Markus Wuckel

Personal information
- Date of birth: 5 April 1967 (age 57)
- Place of birth: East Germany
- Position(s): Forward

Youth career
- Stahl Blankenburg
- 0000–1984: Stahl Brandenburg

Senior career*
- Years: Team / Apps / (Gls)
- 1984–1985: Stahl Brandenburg / 9 / (1)
- 1985–1991: 1. FC Magdeburg / 116 / (47)
- 1991–1992: 1. SC Göttingen / 29 / (16)
- 1992–1993: VfB Oldenburg / 35 / (6)
- 1993–1995: Arminia Bielefeld / 49 / (25)
- 1995–1996: Rot-Weiß Essen / 24 / (7)
- 1996–1997: VfB Leipzig / 8 / (1)
- 1997–1998: 1. FC Saarbrücken / 23 / (4)
- Total:  / 293 / (107)

International career
- 1987–1990: East Germany / 4 / (2)

Managerial career
- Blankenburger FV
- 1. FC Wernigerode
- 2004–2021: Arminia Bielefeld (women)

= Markus Wuckel =

German footballer (born 1967)

Markus Wuckel (born 5 April 1967) is a German football manager and former player.

==Playing career==
Wuckel began his career in the youth teams of BSG Stahl Blankenburg and later joined Stahl Brandenburg, playing in the youth team until 1984. The following season, Wuckel played his first nine matches in the DDR-Oberliga, scoring once.
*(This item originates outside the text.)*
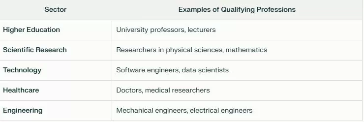 The qualifying professions list is selective: company directors, specialists in physical sciences, mathematics, engineering, doctors, and university professors make the cut – provided they have at least a bachelor’s degree or equivalent experience.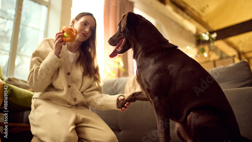 Brown labrador giving paw during training session at home. Concept of dog training promotion, obedience learning, positive reinforcement and pet education advertising indoors.

After transferring to 1. FC Magdeburg for the 1985-86 season Wuckel quickly earned a reputation as a goal-getter. In his time in Magdeburg he played in 116 Oberliga matches, scoring 47 goals, twelve FDGB-Pokal matches (9 goals) and 2 matches in the UEFA Cup. When Magdeburg failed to qualify for a professional league following German reunification, Wuckel joined 1. SC Göttingen 05 who played in the then third-tier Oberliga Nord. He later played for several sides in the 2. Bundesliga such as VfB Oldenburg, Arminia Bielefeld, Rot-Weiss Essen und VfB Leipzig before he joined 1. FC Saarbrücken in 1997 where he ended his playing career in the following year.

Wuckel played in 125 DDR-Oberliga matches, scoring 48 goals, 43 2. Bundesliga matches with 7 goals and 74 matches in the Regionalliga with 24 goals. In the Oberliga he played 29 matches and scored 16 goals.

Additionally, Wuckel played for his country in four matches, scoring twice. In addition he scored 11 goals in 24 matches for the East German Olympic team and another 11 goals in 28 matches for the Under-21 national team.

==Post-playing career==
After a management and marketing education Wuckel passed the manager seminar with the DFB. Afterwards he was director, manager and president of his home club Blankenburger FV, before managing 1. FC Wernigerode in the Verbandsliga Sachsen-Anhalt. He later managed Arminia Bielefeld's women's team between 2004 and 2021.

Wuckel owns a footballing school in Boltenhagen on the Baltic Sea.